____ Material to process

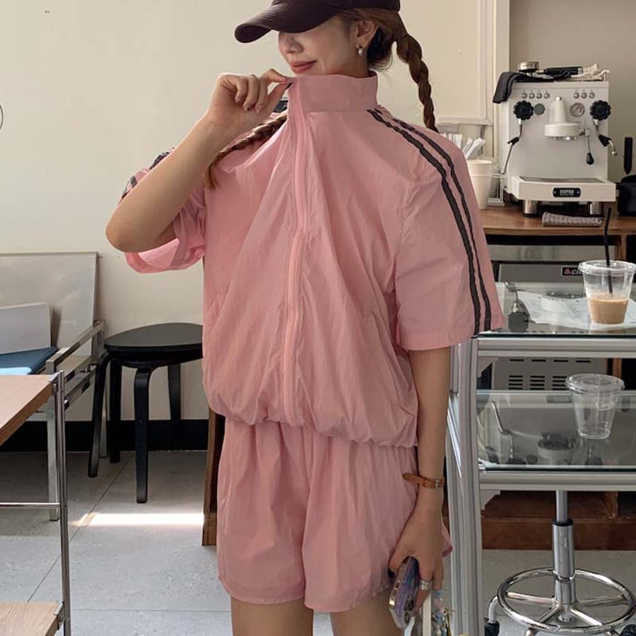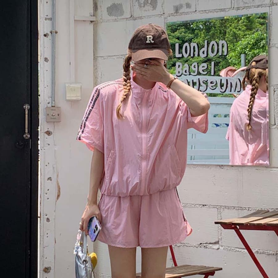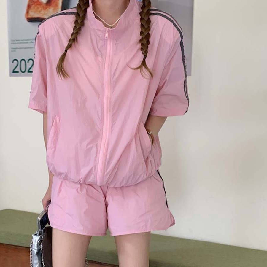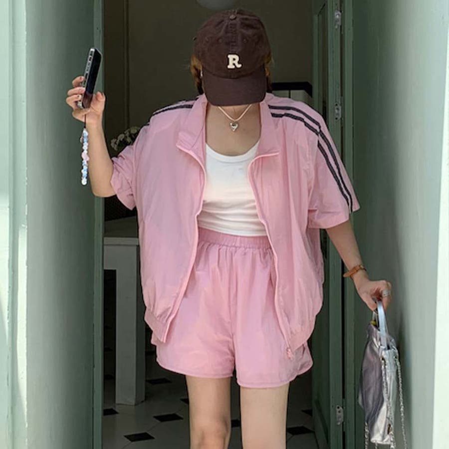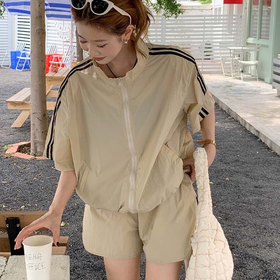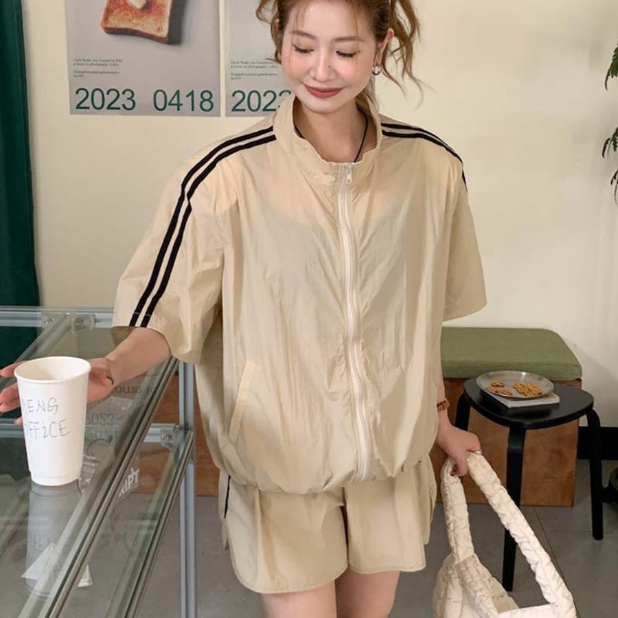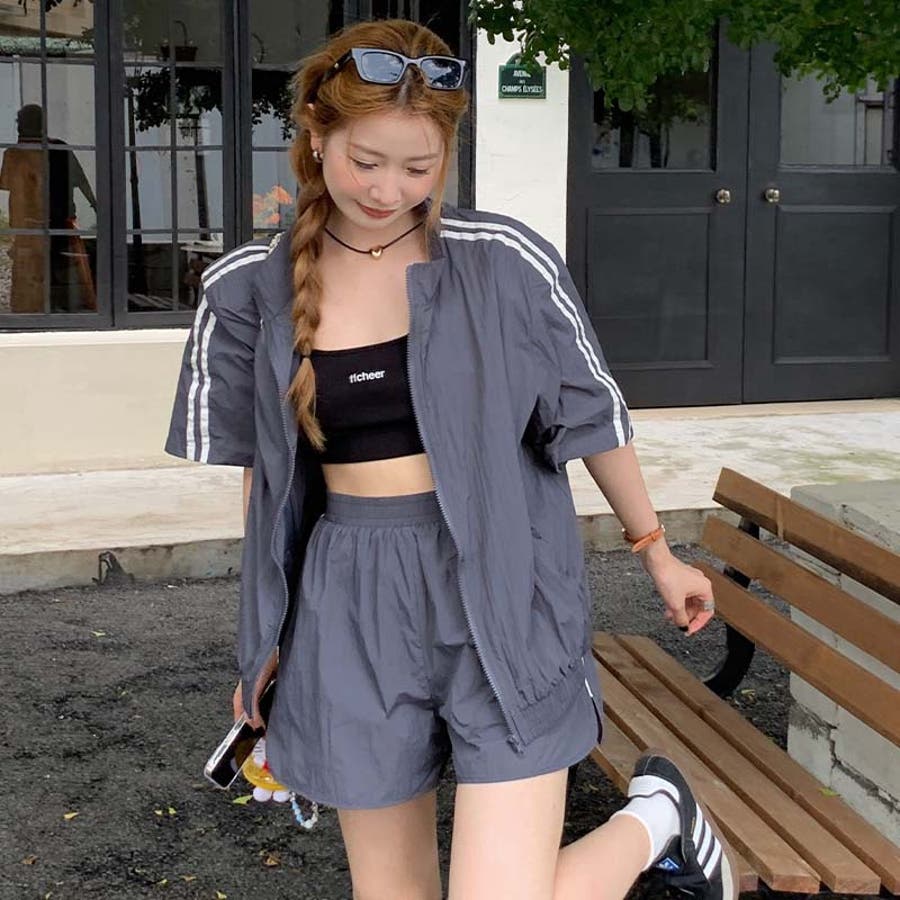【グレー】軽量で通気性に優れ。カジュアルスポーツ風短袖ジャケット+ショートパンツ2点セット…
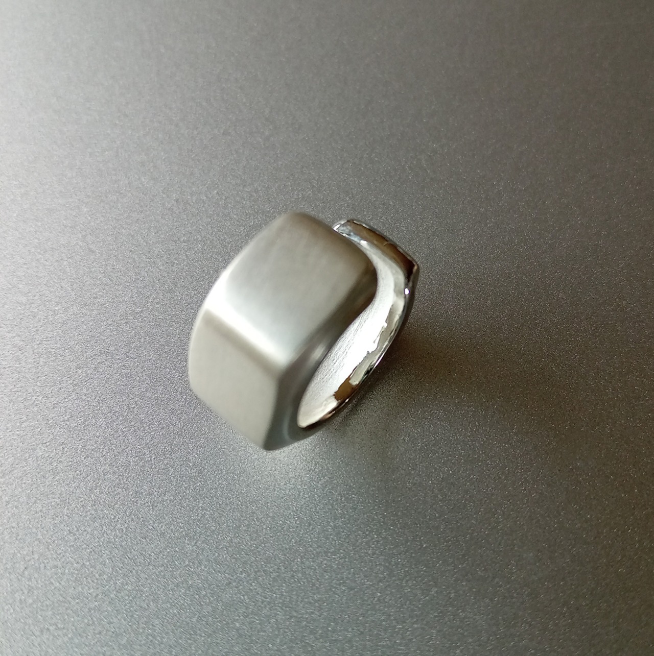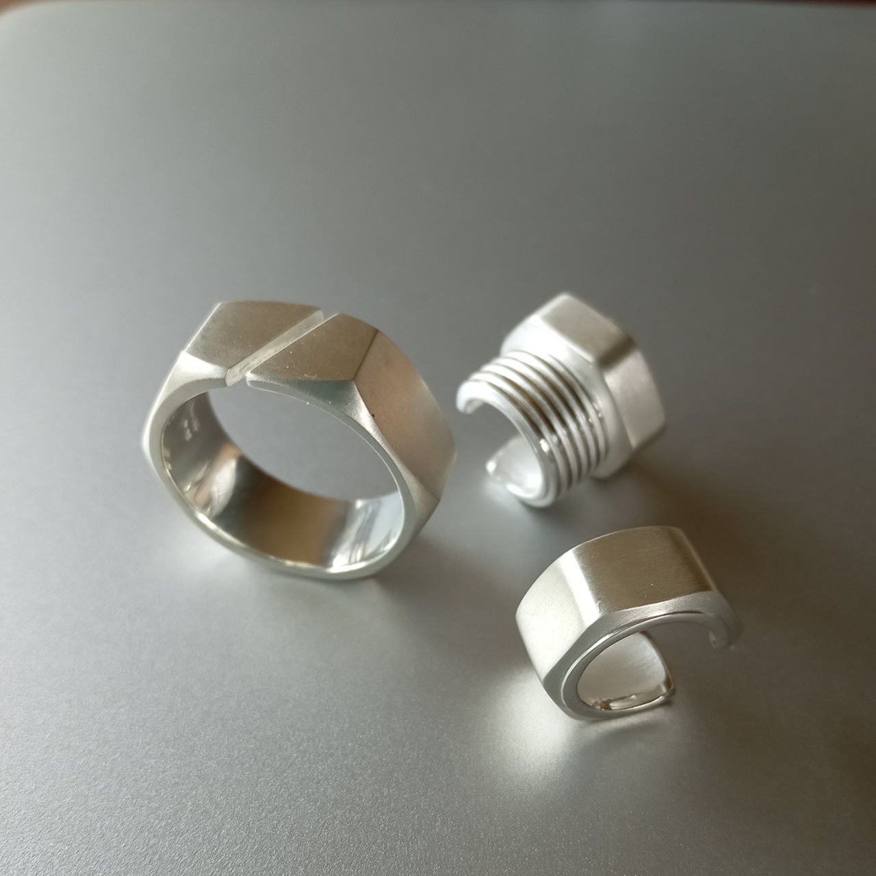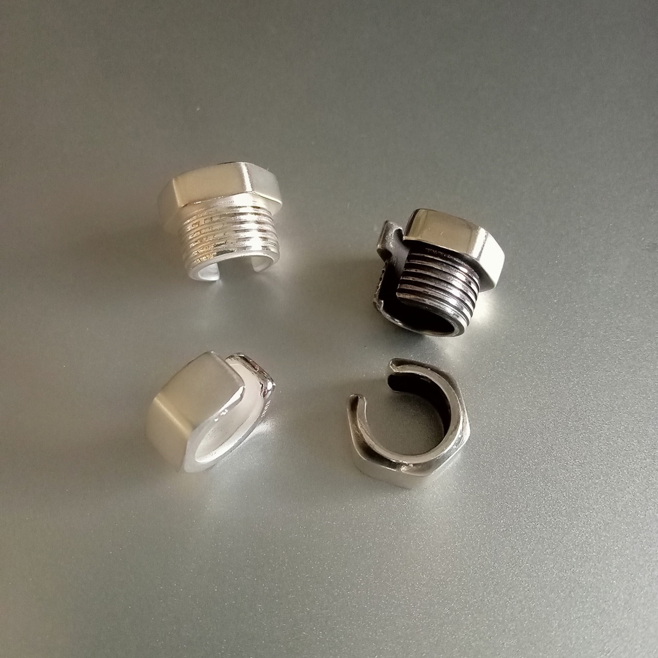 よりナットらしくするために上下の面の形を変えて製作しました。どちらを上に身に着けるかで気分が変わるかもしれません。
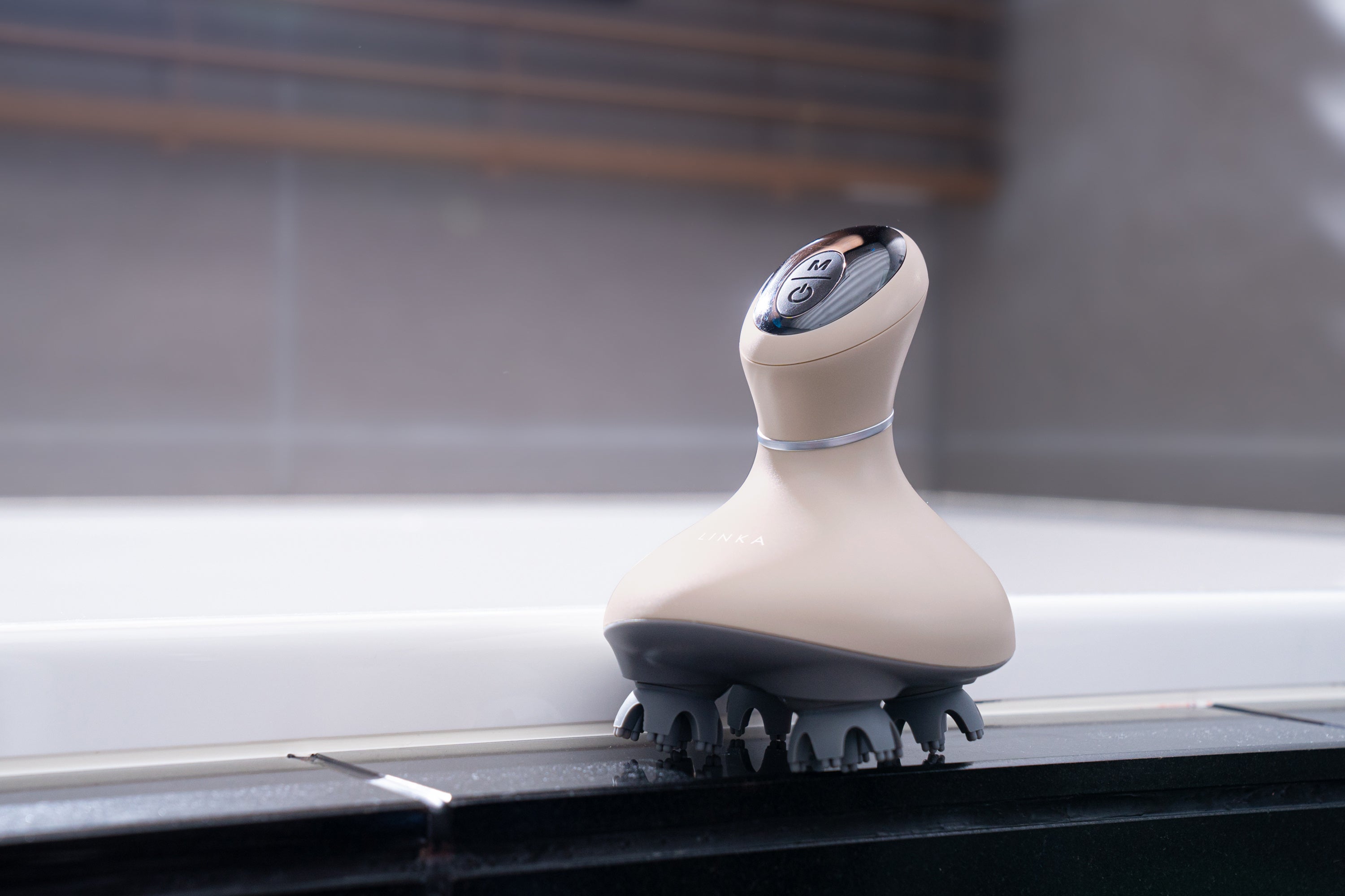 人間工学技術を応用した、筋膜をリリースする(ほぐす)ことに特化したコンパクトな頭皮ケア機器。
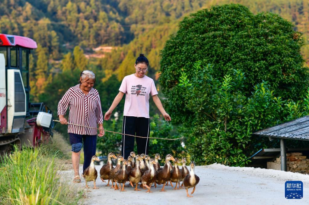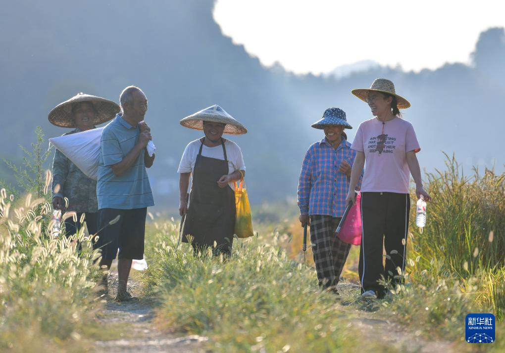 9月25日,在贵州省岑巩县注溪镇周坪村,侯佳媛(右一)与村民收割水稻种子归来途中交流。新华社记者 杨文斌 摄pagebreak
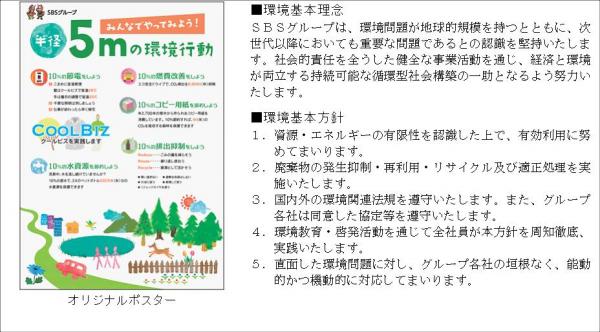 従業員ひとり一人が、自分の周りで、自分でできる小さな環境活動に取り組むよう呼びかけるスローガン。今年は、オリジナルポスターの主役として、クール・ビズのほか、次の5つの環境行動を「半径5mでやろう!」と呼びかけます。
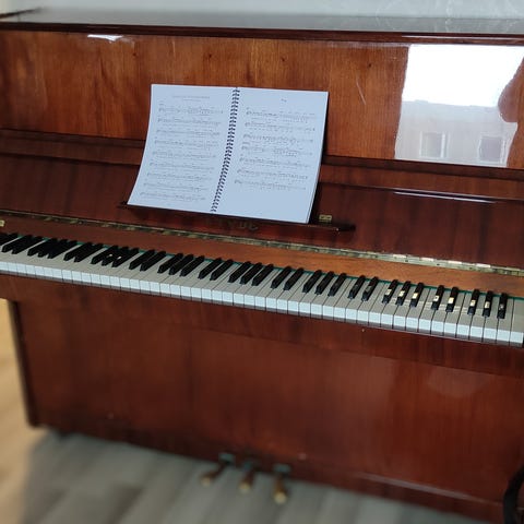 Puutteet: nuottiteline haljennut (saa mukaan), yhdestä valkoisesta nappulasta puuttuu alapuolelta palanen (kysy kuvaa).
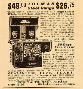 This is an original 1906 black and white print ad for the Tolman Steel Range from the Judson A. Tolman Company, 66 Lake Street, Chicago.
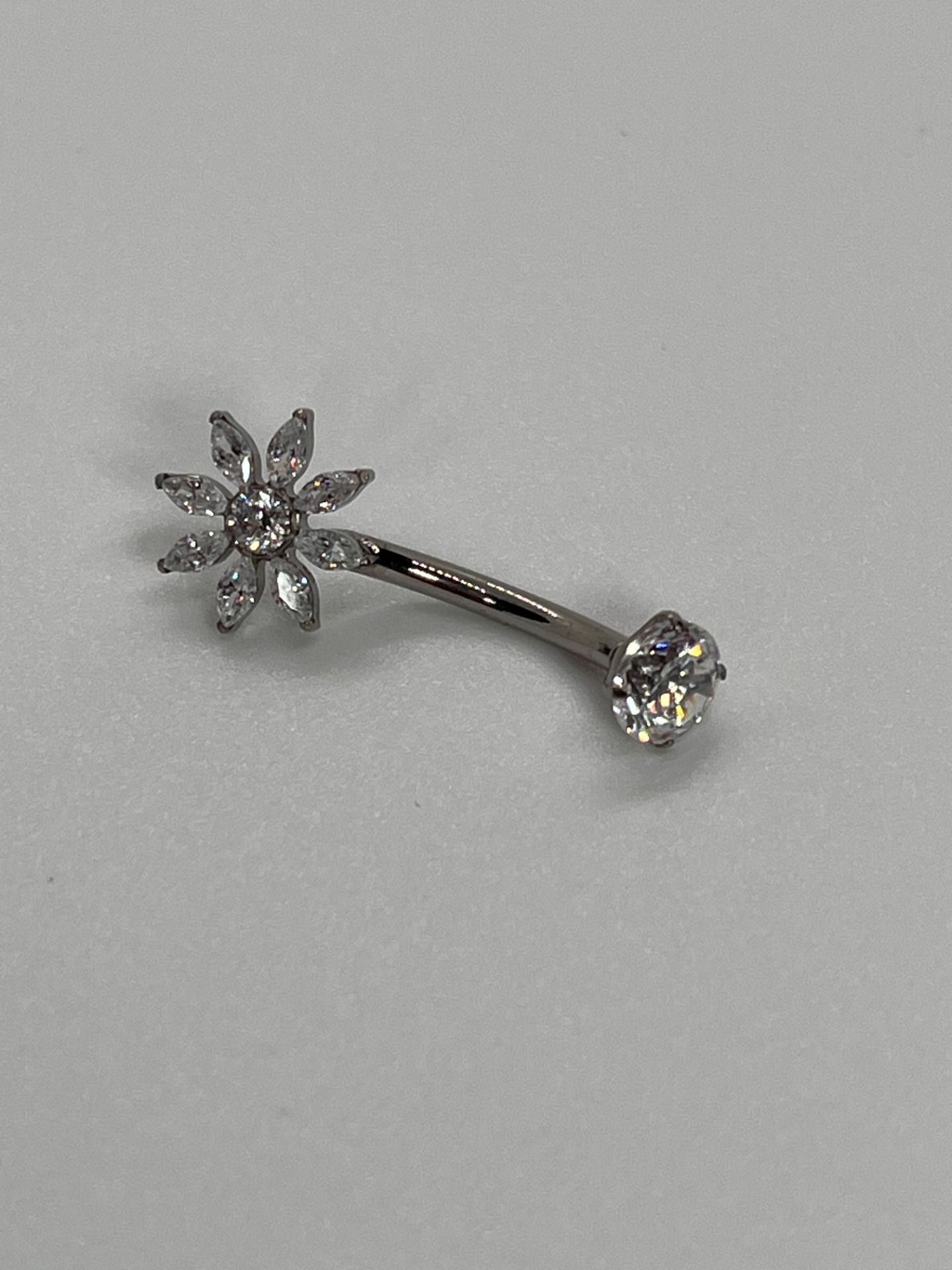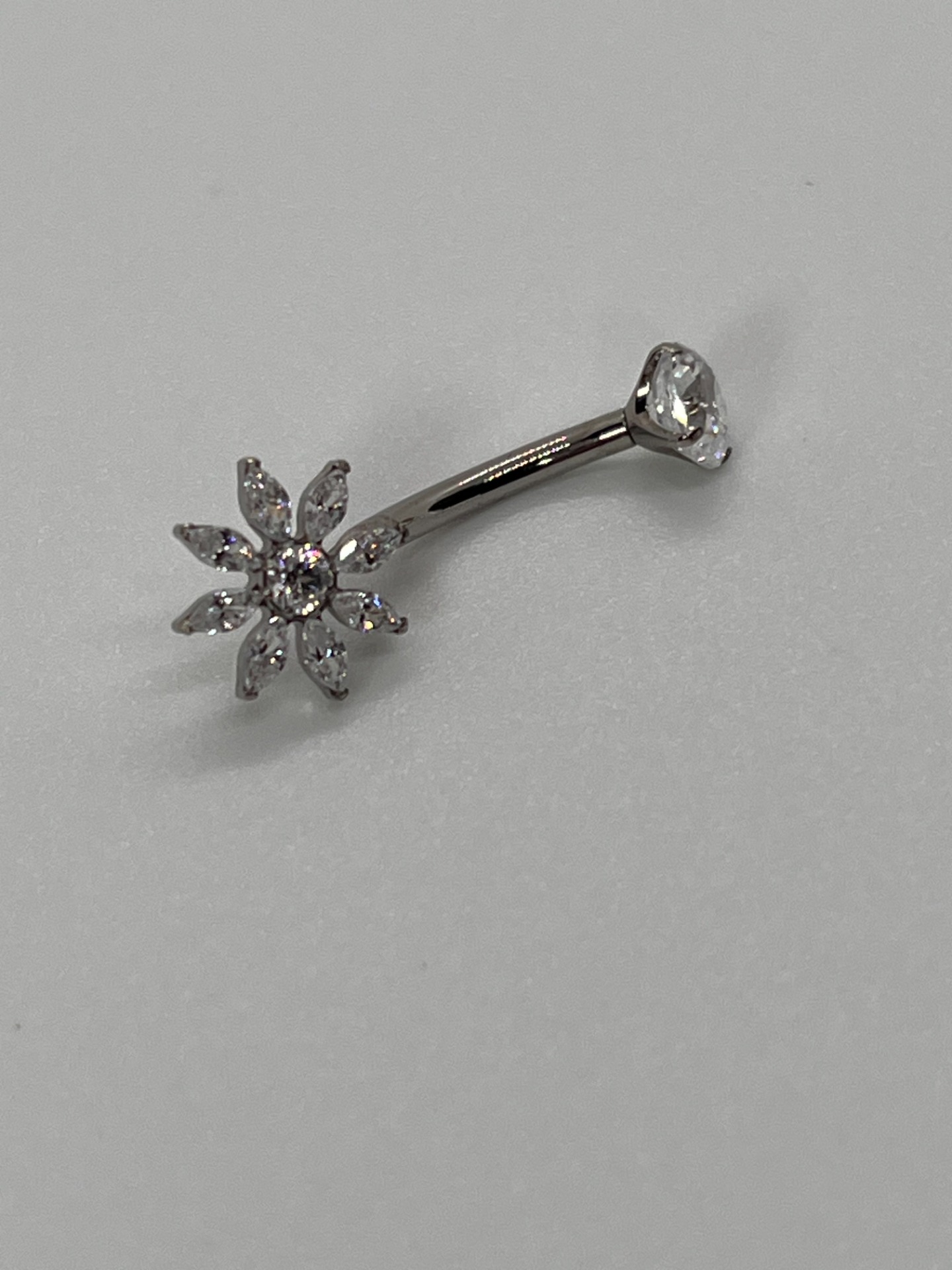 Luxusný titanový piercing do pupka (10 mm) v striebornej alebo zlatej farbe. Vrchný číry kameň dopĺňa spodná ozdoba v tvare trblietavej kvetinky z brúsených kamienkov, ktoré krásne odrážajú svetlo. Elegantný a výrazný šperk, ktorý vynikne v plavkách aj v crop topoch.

________

--- Work instruction ---
Nothing but an exact copy is needed, covering the lines from the line with "Puutteet: nuottiteline haljennut" through the last line of the entries, pictures excluded.

--- Output for this exercise ---
 Puutteet: nuottiteline haljennut (saa mukaan), yhdestä valkoisesta nappulasta puuttuu alapuolelta palanen (kysy kuvaa).
 This is an original 1906 black and white print ad for the Tolman Steel Range from the Judson A. Tolman Company, 66 Lake Street, Chicago.
 Luxusný titanový piercing do pupka (10 mm) v striebornej alebo zlatej farbe. Vrchný číry kameň dopĺňa spodná ozdoba v tvare trblietavej kvetinky z brúsených kamienkov, ktoré krásne odrážajú svetlo. Elegantný a výrazný šperk, ktorý vynikne v plavkách aj v crop topoch.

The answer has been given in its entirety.